И было дело вот как. Сидим мы как-то у нее вечерком, очень уютно, вспоминаем, какие в России супы были. Четырнадцать насчитали, а горох и забыли. Ну и смешно стало. То есть смеялась-то, конечно, она, я смеяться не люблю. Я скорее подосадовал на дефект памяти. Вот, значит, сидим, вспоминаем былое могущество, а мальчонка тут же.

— Дай, — говорит, — маман, карамельку.

А она отвечает:

— Нельзя больше, ты уже три съел.

А он ну канючить — дай да дай.

А я говорю, благородно шутя:

— Ну-ка пойди сюда, я тебя отшлепаю.

А она и скажи мне фатальный пункт:

— Ну, где вам! Вы человек мягкий, вы его отшлепать не сможете.

И тут разверзлась пропасть у моих ног.

Брать на себя воспитание младенца как раз такого возраста, когда ихнего брата полагается драть, при моем характере абсолютно невозможно. Не могу этого на себя взять. Разве я его когда-нибудь выдеру? Нет, не выдеру. Я драть не умею. И что же? Губить ребенка, сына любимой женщины.

— Простите, — говорю, — Анна Павловна. Простите, но наш брак утопия, в которой все мы утонем. Потому, что я вашему сыну настоящим отцом и воспитателем быть не смогу. Я не только что, а прямо ни одного разу выдрать его не смогу.

Говорил я очень сдержанно, и ни одна фибра на моем лице не дрыгала. Может быть, голос и был слегка подавлен, но за фибру я ручаюсь.

Она, конечно, — ах! ах! Любовь и все такое, и драть мальчика не надо, он, мол, и так хорош.

— Хорош, — говорю, — хорош, а будет плох. И прошу вас, не настаивайте. Будьте тверды. Помните, что я драть не могу. Будущностью сына играть не следует.

Ну, она, конечно, женщина, конечно, закричала, что я дурак. Но дело все-таки разошлось, и я не жалею. Я поступил благородно и ради собственного ослепления страсти не пожертвовал юным организмом ребенка.

Взял себя вполне в руки. Дал ей поуспокоиться денек-другой и пришел толково объяснить.

Ну, конечно, женщина воспринять не может. Зарядила «дурак да дурак». Совершенно неосновательно.

Так эта история и покончилась. И могу сказать — горжусь. Забыл довольно скоро, потому что считаю ненужным вообще всякие воспоминания. На что? В ломбард их закладывать, что ли?

Ну-с и вот, обдумавши положение, решил я жениться. Только не на русской, дудки-с. Надо уметь рассуждать. Мы где живем? Прямо спрашиваю вас — где? Во Франции. А раз живем во Франции, так, значит, нужно жениться на француженке. Стал подыскивать.

Есть у меня здесь один француз знакомый. Мусью Емельян. Не совсем француз, но давно тут живет и все порядки знает.

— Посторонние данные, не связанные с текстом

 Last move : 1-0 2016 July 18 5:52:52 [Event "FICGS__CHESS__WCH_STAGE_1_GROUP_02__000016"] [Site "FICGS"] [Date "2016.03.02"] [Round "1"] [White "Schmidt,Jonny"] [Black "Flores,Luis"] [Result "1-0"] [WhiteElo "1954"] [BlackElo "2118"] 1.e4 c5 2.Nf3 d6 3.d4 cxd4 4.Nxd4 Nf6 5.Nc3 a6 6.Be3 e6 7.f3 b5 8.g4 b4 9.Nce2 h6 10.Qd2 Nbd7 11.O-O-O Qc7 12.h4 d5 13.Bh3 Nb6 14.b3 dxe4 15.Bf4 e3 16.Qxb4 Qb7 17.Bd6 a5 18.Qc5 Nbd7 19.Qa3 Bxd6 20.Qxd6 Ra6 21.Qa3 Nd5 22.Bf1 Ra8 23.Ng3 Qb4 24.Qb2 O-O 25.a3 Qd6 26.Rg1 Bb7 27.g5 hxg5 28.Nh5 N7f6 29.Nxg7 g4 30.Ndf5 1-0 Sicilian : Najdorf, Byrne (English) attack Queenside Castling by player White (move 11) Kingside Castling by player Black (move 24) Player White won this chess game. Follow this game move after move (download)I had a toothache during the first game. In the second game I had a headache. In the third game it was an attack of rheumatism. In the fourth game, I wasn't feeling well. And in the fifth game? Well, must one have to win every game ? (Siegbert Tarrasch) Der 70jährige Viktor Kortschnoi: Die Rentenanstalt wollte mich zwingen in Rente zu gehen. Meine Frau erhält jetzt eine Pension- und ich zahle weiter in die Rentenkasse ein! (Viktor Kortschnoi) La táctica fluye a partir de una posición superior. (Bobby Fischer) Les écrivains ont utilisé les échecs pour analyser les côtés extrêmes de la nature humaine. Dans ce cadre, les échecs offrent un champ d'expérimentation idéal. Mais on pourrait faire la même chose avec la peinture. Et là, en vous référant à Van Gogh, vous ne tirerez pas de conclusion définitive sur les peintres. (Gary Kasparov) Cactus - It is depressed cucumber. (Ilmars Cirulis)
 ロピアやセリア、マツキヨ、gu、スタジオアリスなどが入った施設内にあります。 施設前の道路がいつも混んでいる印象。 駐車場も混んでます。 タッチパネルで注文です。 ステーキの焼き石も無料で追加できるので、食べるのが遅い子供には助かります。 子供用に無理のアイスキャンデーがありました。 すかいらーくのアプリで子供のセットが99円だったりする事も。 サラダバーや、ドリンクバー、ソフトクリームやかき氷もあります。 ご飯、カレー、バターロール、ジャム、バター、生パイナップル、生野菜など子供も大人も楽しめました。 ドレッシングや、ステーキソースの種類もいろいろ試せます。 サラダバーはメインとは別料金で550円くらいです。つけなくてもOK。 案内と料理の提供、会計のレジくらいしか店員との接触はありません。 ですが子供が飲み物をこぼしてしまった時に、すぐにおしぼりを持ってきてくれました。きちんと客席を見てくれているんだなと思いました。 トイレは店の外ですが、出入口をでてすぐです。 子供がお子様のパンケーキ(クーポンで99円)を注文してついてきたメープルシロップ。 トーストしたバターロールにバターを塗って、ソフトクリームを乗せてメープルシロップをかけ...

Ну вот, этот мусью и познакомил меня с одной барышней. На почте служит. Миленькая. Только, знаете, смотрю, а фигурка у нее прехорошенькая. Тоненькая, длинненькая. И платьице сидит как влитое.

«Эге, думаю, дело дрянь!»

— Нет, — говорю, — эта мне не подходит. Нравится, слов нет, но надо уметь рассуждать. Такая тоненькая, складненькая всегда сможет купить себе дешевенькое платьице — так за семьдесят пять франков. А купила платьице — так тут ее дома зубами не удержишь. Пойдет плясать. А разве это хорошо? Разве я для того женюсь, чтобы жена плясала? Нет, — говорю, — найдите мне модель другого выпуска. Поплотнее. — И можете себе представить — живо нашлась. Небольшая модель, но эдакая, знаете, трамбовочка кургузенькая, да и на спине жиру, как говорится, не купить. Но, в общем, ничего себе и тоже служащая. Вы не подумайте, что какая-нибудь кувалда. Нет, у ней и завитушечки, и плоечки, и все, как и у худеньких. Только, конечно, готового платья для нее не достать.

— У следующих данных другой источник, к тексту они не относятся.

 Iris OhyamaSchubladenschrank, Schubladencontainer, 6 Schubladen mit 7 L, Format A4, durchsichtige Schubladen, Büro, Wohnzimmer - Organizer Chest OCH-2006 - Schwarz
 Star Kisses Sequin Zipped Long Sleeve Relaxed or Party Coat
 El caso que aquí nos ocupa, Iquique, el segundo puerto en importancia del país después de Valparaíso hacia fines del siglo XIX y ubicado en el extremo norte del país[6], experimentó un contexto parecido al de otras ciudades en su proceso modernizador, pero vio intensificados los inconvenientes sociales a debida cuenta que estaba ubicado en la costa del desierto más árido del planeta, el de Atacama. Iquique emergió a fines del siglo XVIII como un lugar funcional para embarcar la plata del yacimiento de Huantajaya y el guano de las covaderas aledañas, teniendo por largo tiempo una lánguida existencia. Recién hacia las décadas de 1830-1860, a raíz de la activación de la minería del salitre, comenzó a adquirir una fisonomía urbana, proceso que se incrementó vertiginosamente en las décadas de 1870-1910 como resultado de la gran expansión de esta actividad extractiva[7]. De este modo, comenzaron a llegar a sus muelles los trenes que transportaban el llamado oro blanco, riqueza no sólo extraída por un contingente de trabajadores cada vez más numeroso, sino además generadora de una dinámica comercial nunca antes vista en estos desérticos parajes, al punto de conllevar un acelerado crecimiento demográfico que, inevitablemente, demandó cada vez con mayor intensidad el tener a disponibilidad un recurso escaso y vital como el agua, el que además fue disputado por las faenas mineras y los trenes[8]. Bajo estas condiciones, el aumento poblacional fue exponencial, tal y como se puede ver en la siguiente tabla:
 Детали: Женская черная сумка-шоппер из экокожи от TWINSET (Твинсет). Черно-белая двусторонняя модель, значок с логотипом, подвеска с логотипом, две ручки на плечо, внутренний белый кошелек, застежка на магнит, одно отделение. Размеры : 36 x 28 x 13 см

Все это обсудивши да обдумавши, я, значит, открылся ей, в чем полагается, да и марш в мэри (в мэрию. – Ред.).

И вот примерно через месяц запросила она нового платья. Запросила нового платья, и я очень охотно говорю:

— Конечно, готовенькое купишь?

Тут она слегка покраснела и отвечает небрежно:

— Я готовые не люблю. Плохо сидят. Лучше купи мне материю синенького цвета, да отдадим сшить.

Я очень охотно ее целую и иду покупать. Да будто бы по ошибке покупаю самого неподходящего цвета. Вроде буланого, как лошади бывают.

Она немножко растерялась, однако благодарит. Нельзя же — первый подарок, эдак и отвадить легко. Тоже свою линию понимает.

А я очень всему радуюсь и рекомендую ей русскую портниху. Давно ее знал. Драла дороже француженки, а шила так, что прямо плюнь да свистни. Одной клиентке воротничок к рукаву пришила, да еще спорила. Ну вот, сшила эта самая кутюрша моей барыньке платье. Ну, прямо в театр ходить не надо, до того смешно! Буланая телка, да и только. Уж она, бедная, и плакать пробовала, и переделывала, и перекрашивала — ничего не помогло. Так и висит платье на гвозде, а жена сидит дома. Она француженка, она понимает, что каждый месяц платья не сошьешь. Ну вот, и живем тихой семейной жизнью. И очень доволен. А почему? А потому, что надо уметь рассуждать.

Научил ее голубцы готовить.

Счастье тоже само в руки не дается. Нужно знать, как за него взяться.

А всякий бы, конечно, хотел, да не всякий может.


Виртуоз чувства

Всего интереснее в этом человеке — его осанка.

Он высок, худ, на вытянутой шее голая орлиная голова. Он ходит в толпе, раздвинув локти, чуть покачиваясь в талии и гордо озираясь. А так как при этом он бывает обыкновенно выше всех, то и кажется, будто он сидит верхом на лошади.

Живет он в эмиграции на какие-то «крохи», но, в общем, недурно и аккуратно. Нанимает комнату с правом пользования салончиком и кухней и любит сам приготовлять особые тушеные макароны, сильно поражающие воображение любимых им женщин.

Фамилия его Гутбрехт.

Лизочка познакомилась с ним на банкете в пользу «культурных начинаний и продолжений».

Он ее, видимо, наметил еще до рассаживания по местам. Она ясно видела, как он, прогарцевав мимо нее раза три на невидимой лошади, дал шпоры и поскакал к распорядителю и что-то толковал ему, указывая на нее, Лизочку. Потом оба они, и всадник и распорядитель, долго рассматривали разложенные по тарелкам билетики с фамилиями, что-то там помудрили, и в конце концов Лизочка оказалась соседкой Гутбрехта.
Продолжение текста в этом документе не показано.